Maryland is on the verge of a major clean, modern transportation revolution: the new Statewide Electric Vehicle Portfolio. The portfolio would enable electric utilities to make significant investments to support charging station installations, to educate customers on the benefits of electric vehicles (EVs), and to fund innovative projects that increase electric mobility in disadvantaged communities. But whether it turns into reality is now up to the Maryland Public Service Commission. Last week marked the start of hearings on the proposal, where the PSC will be gathering public comments.

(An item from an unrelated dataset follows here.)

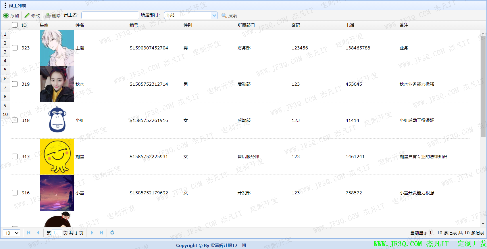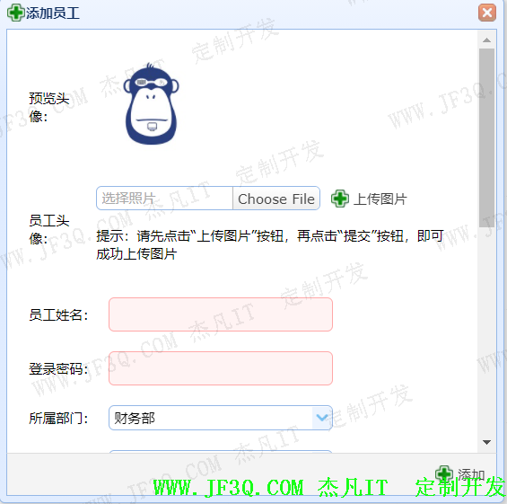 员工头像 员工姓名 登录密码 所属部门 员工性别 电话 备注 | 图片 除特殊字符外 6-14位 汉字 汉字 11位 除特殊字符外 | 1 2 3 4 5 6 7 | 字符 无效字符或为空 密码长度<6位 密码长度>14位 无效字符或为空 无效字符或为空 长度<11位 长度>11位 无效字符或为空 | 8 9 10 11 12 13 14 15 16 |

Electrifying transportation in Maryland will bring a host of benefits to all residents. Drivers will be able to choose vehicles that are cheaper to operate and maintain than those that rely on gasoline. Going electric will reduce the use of fossil fuel and improve the air we breathe. And electric power customers will save money as utilities make more efficient use of the power grid.
But these benefits will remain hypothetical unless EV owners (who numbered 9,700 in the state in mid-2017) can recharge their vehicles when and where it’s convenient. In a recent survey by Altman Vilandrie & Co., 85 percent of respondents cited a lack of charging stations as a reason they are not buying an electric vehicle. The Statewide Electric Vehicle Portfolio would boost the state’s charging infrastructure by 24,000 new stations, allowing Maryland’s EV drivers to easily power up where they live, work, and play.
Maryland has been a leader in embracing the potential of EVs. The Public Service Commission should seize this moment to build on the state’s EV leadership and approve a proposal supported by a wide variety of different groups, including General Motors, Economic Alliance of Greater Baltimore, and Marylanders for Energy Democracy and Affordability.
The plan will maximize the benefits of the electrification transition; more EV charging can have the positive effect of lower electric rates for all consumers. A recent cost-benefit analysis by M.J. Bradley & Associates calculated that even non-EV owners would realize an average of $141 in benefits annually if Maryland is able to achieve its 300,000 electric vehicle goal by 2025.
With more than 550 employees at six locations in the state, clearly Siemens employees in the Old Line State could benefit from additional transportation options.
Every year, automakers introduce new EV models into the market across all vehicle classes. Bloomberg New Energy Finance predicts that the average price of EVs will fall below that of conventional vehicles between 2025 and 2030. Many EVs today already out-compete their gasoline-powered counterparts on comfort, performance, and total cost of ownership.
The portfolio provides a road map for catapulting Maryland to the leading edge of the advanced vehicle revolution and driving benefits to all Marylanders. It’s time for the Maryland Public Service Commission to approve the Statewide Electric Vehicle Portfolio and ensure that Maryland enjoys a clean, modern transportation future.
Bonnie Datta is senior director, Americas & Asia Pacific, regulatory affairs & market development, for Siemens.